DATA EXCERPTS ::
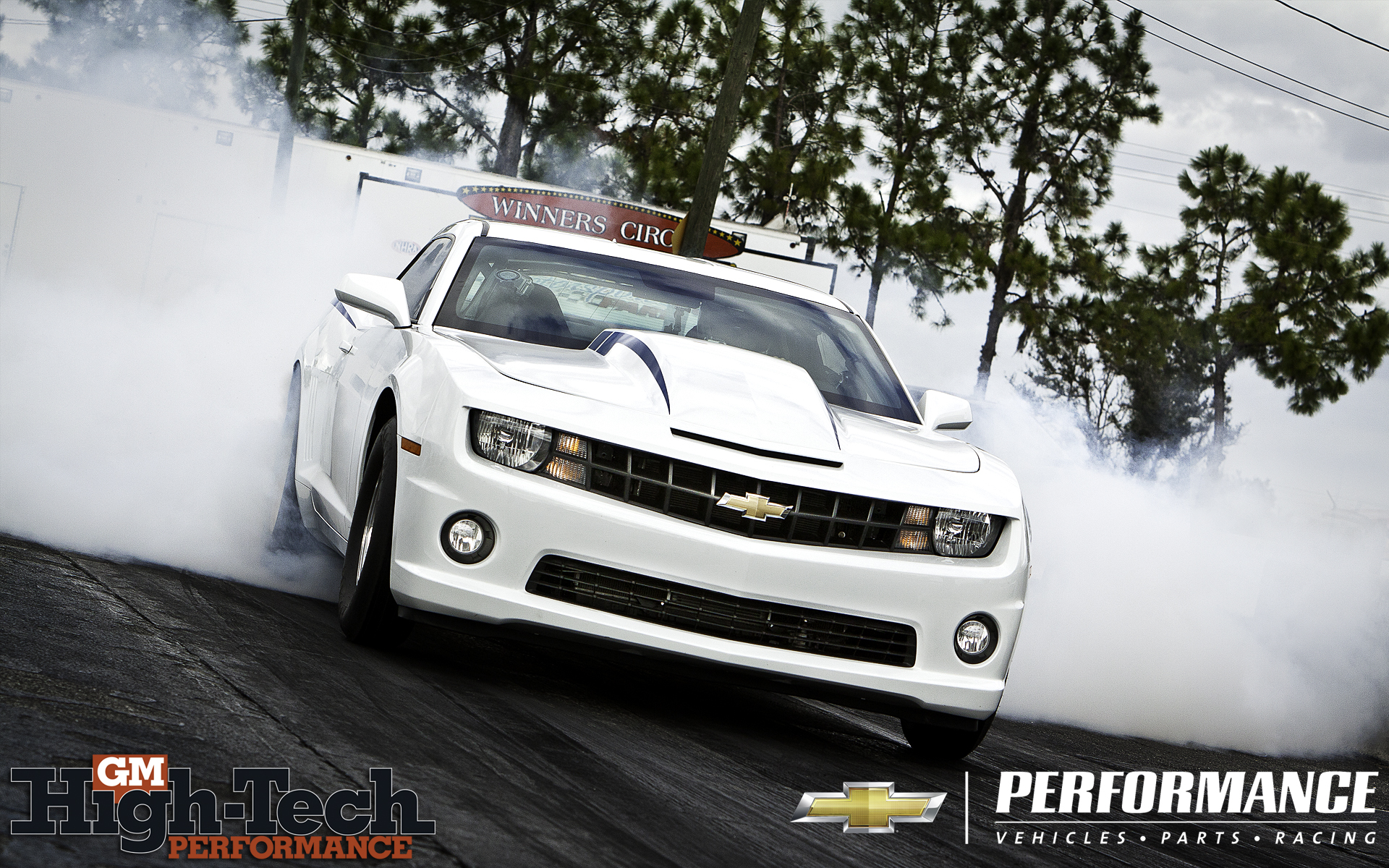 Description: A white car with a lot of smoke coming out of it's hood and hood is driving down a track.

==

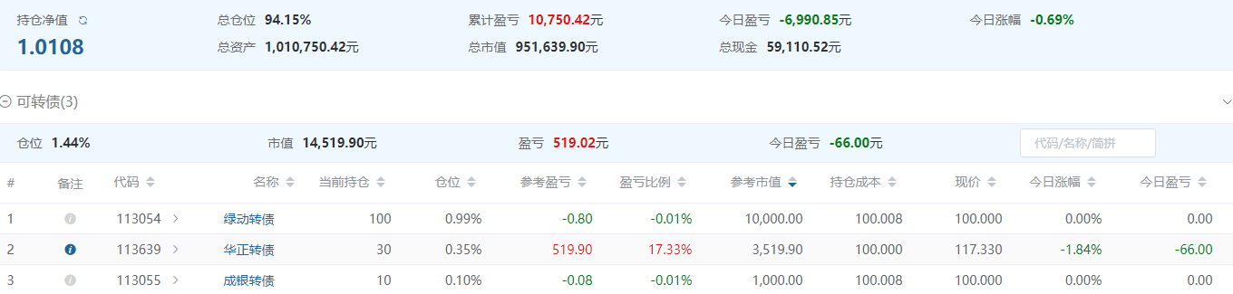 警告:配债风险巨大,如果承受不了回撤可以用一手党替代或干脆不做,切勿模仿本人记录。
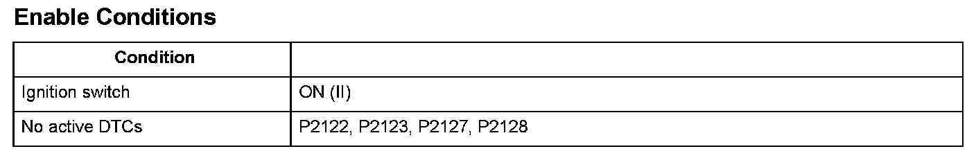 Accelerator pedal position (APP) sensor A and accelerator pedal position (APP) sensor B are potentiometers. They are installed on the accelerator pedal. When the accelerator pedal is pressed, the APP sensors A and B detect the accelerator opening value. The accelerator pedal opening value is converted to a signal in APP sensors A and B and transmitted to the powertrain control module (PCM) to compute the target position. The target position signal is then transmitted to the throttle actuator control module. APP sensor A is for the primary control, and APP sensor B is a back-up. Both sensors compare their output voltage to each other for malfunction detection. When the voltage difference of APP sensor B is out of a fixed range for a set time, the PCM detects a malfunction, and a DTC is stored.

==

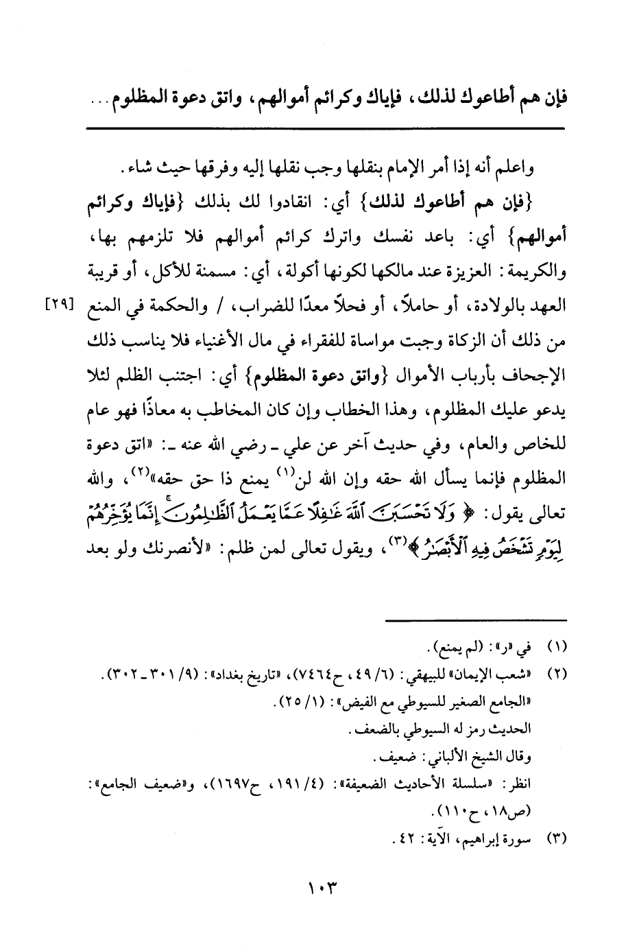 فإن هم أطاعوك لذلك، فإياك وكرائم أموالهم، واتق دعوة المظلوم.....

WORK ITEM :: Above are some records; extract exactly the lines from the one containing "警告:配债风险巨大,如果承受" through the one containing "Accelerator pedal position (APP) sensor A" and drop the pictures.

SOLUTION TO THIS PROBLEM ::
 警告:配债风险巨大,如果承受不了回撤可以用一手党替代或干脆不做,切勿模仿本人记录。
 Accelerator pedal position (APP) sensor A and accelerator pedal position (APP) sensor B are potentiometers. They are installed on the accelerator pedal. When the accelerator pedal is pressed, the APP sensors A and B detect the accelerator opening value. The accelerator pedal opening value is converted to a signal in APP sensors A and B and transmitted to the powertrain control module (PCM) to compute the target position. The target position signal is then transmitted to the throttle actuator control module. APP sensor A is for the primary control, and APP sensor B is a back-up. Both sensors compare their output voltage to each other for malfunction detection. When the voltage difference of APP sensor B is out of a fixed range for a set time, the PCM detects a malfunction, and a DTC is stored.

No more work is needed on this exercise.